In dedifferentiated thyroid cancers that show no RI uptake, RA has been ued as an alternative treatment for the last 15 years. In the first clinical trial for RA, Simon et al. described an increase in RI uptake of thyroid cancer cells in 40% (4/10) of patients [9]. Likewise, other initial clinical trials also reported that about 40–50% of RI-refractory patients showed an increase in RI uptake [1012]. However, the following clinical trials reported much lower rates of RI uptake increase. Gruning et al. tested RA treatment in 25 patients, and only 5 (20%) of them showed some degree of increased RI uptake.
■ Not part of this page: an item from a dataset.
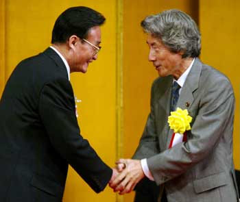 Wu urged Prime Minister Koizumi to pay attention to the case. Wu hoped the incident would be properly resolved and effective measures be taken to prevent reoccurrence of a similar tragedy in the future. Stressing that the proper handling of historic issues is the cornerstone of Sino-Japanese relations, he urged Japanese political leaders to proceed from long-term and strategic perspectives and seek solution to existing problems in line with "taking history as a mirror and looking forward to the future.'' Some cylinders containing mustard gas left by the Japanese troops were accidentally found in Qiqihar, Northeast China's Heilongjiang Province. One woman was killed and 42 other people were injured in the incident. Koizumi, in response, expressed sympathy and condolence to the Chinese victims in the Qiqihar chemical weapon case. He said his government will handle the case through diplomatic channels with an earnest attitude. Kurata also urged the Japanese Government to co-operate wholeheartedly and take responsibility to destroy the weapons in accordance with related international treaties. During talks with Koizumi, Wu also said the Sino-Japanese relations had witnessed a great development in trade and personnel exchange and the development of bilateral ties is not only good for the two countries but is also of great significance for Asia and the world. When talking about how to deepen bilateral ties, Wu said the maintenance of high-level visits is of great importance, stressing the value of face-to-face dialogue between leaders. The economies of the two countries are highly complementary, Wu said. Economic co-operation between the two countries will good for the adjustment and upgrade industrial structure as well establish solid foundation to friendship. The prime minister said he supports the idea that China's development means no threat to Japan but opportunities and the two nations should deploy co-operation in a win-win method. This year coincides with the 25th anniversary of the signing of the Sino-Japanese Treaty of Peace and Friendship, he said. So Wu's visit means a lot to both countries. Wu also met Japanese Emperor Akihito on Friday. As the last leg of his Asian tour, Wu arrived in Japan on Thursday for an official visit. He had previously visited the Philippines and the Republic of Korea.
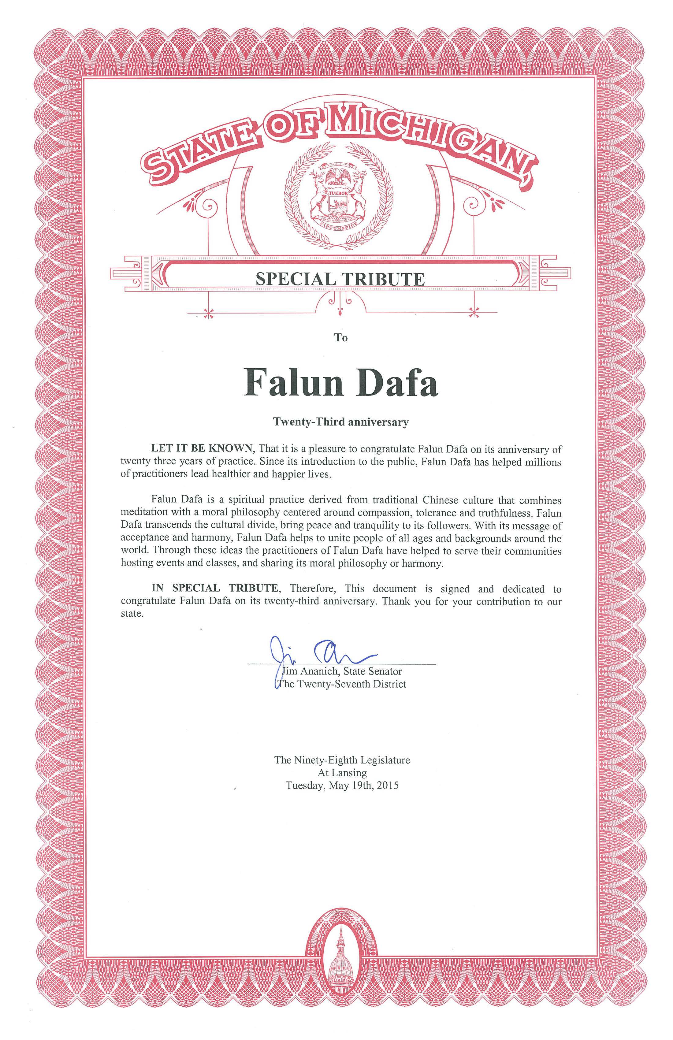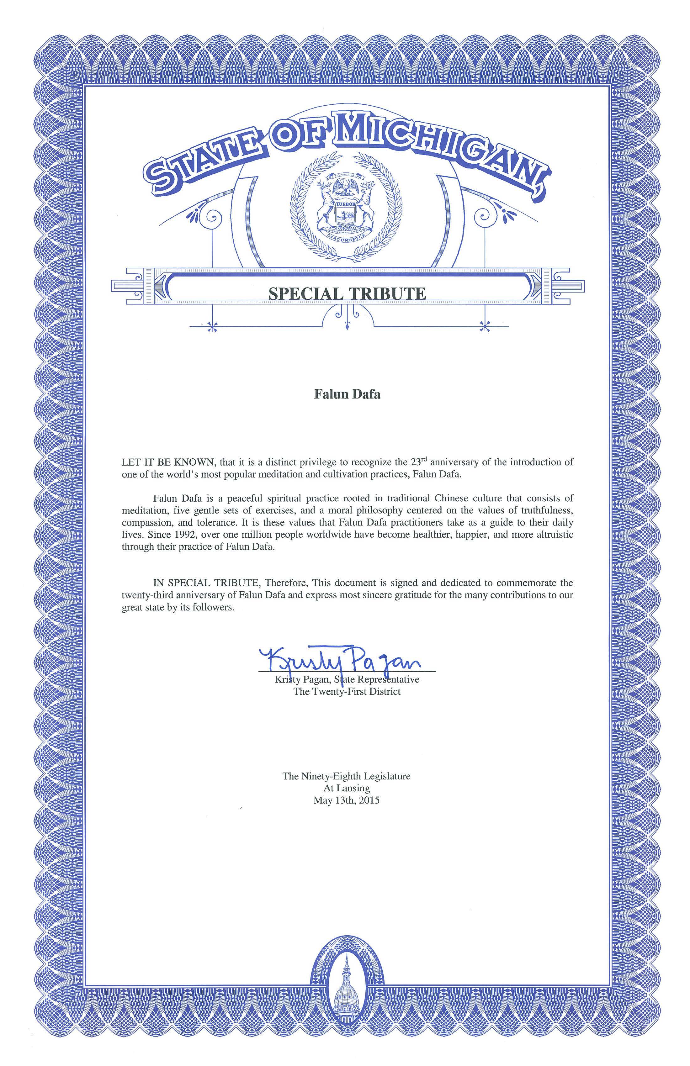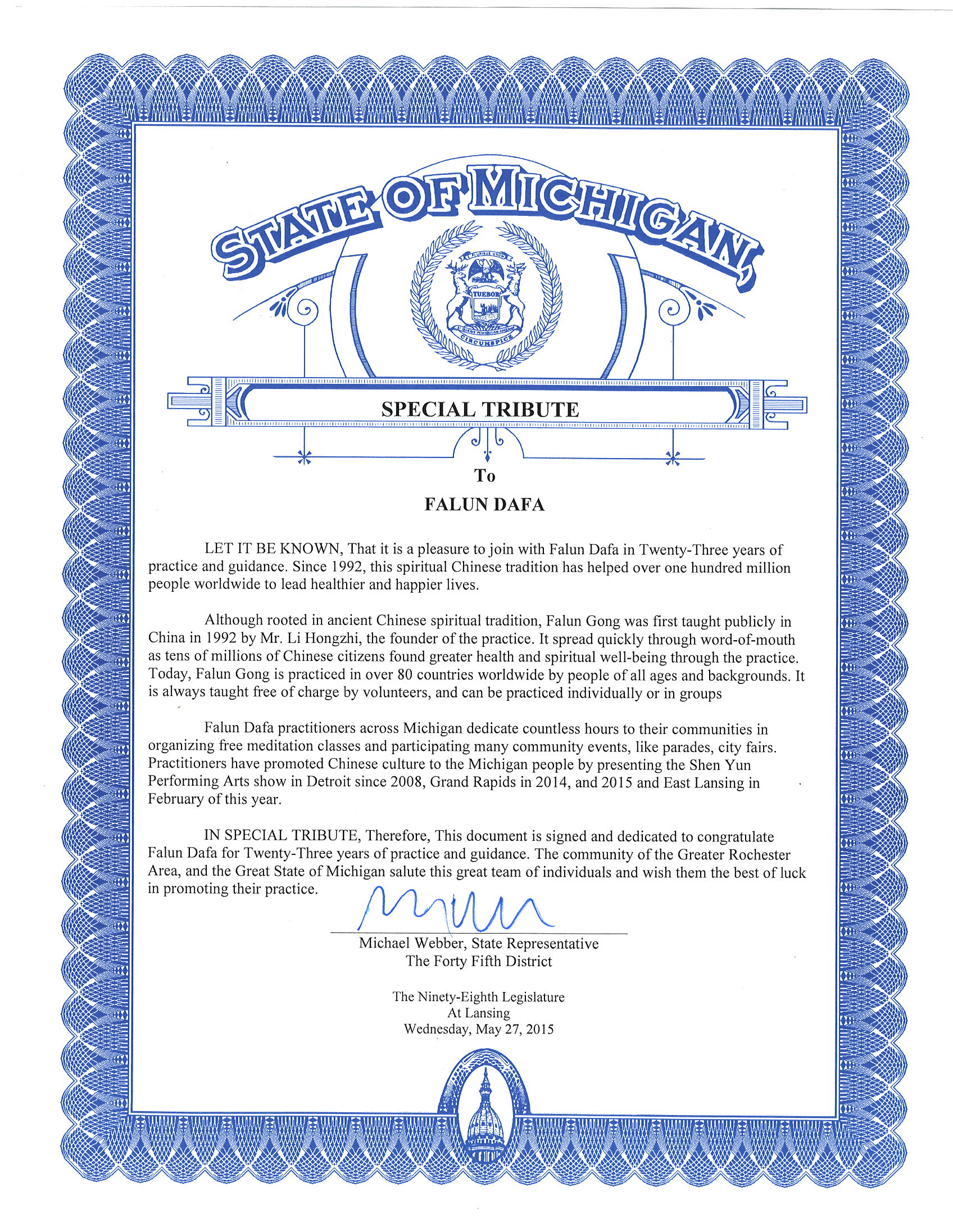 第四十五區州眾議員Michael Webber在感謝信中最後寫道:「我簽署本文件,在法輪大法弘傳二十三週年之際,在大羅徹斯特地區和密西根州,向這個偉大的團體致敬,並祝他們在社區裏有更多地弘法活動。」

Similar disappointing results were described later by Short et al., Courbon et al., Handkiewicz et al., and Kim et al., who reported increased RI uptake in only 1/16 (6%), 2/11 (18%), 9/53 (17%), and 2/11 (18%) patients, respectively [1316]. Additionally, although increased RI uptake is an easily assessable biomarker, the more critical question regarding RA treatment is its therapeutic efficacy. For this point, controversial evidence exists. In an early trial, 19/50 (38%) patients were reported to show response, 10 with partial remission (PR) and 9 with stable disease (SD) [12]. Zhang et al. also reported 5 PR and 2 SD cases in 11 patients who underwent RA-pretreated RI therapy [17]. However, several other studies reported no definite therapeutic effect. When patients were assessed with regard to tumor size, no tumor regression was observed in spite of increased RI uptake [15, 18]. Also, when Tg was used as a biomarker, no response was observed [16]. Therefore, more studies are required to understand the real effect of and specific indications for RA-pretreated RI therapy. In this regard, a recent study analyzed predicting factors for response to RA-pretreated RI therapy, in which patient age (less than 45 years) was the most significant predicting factor [19]. Likewise, specific selection of therapy indications may enhance the therapeutic efficacy in the near future.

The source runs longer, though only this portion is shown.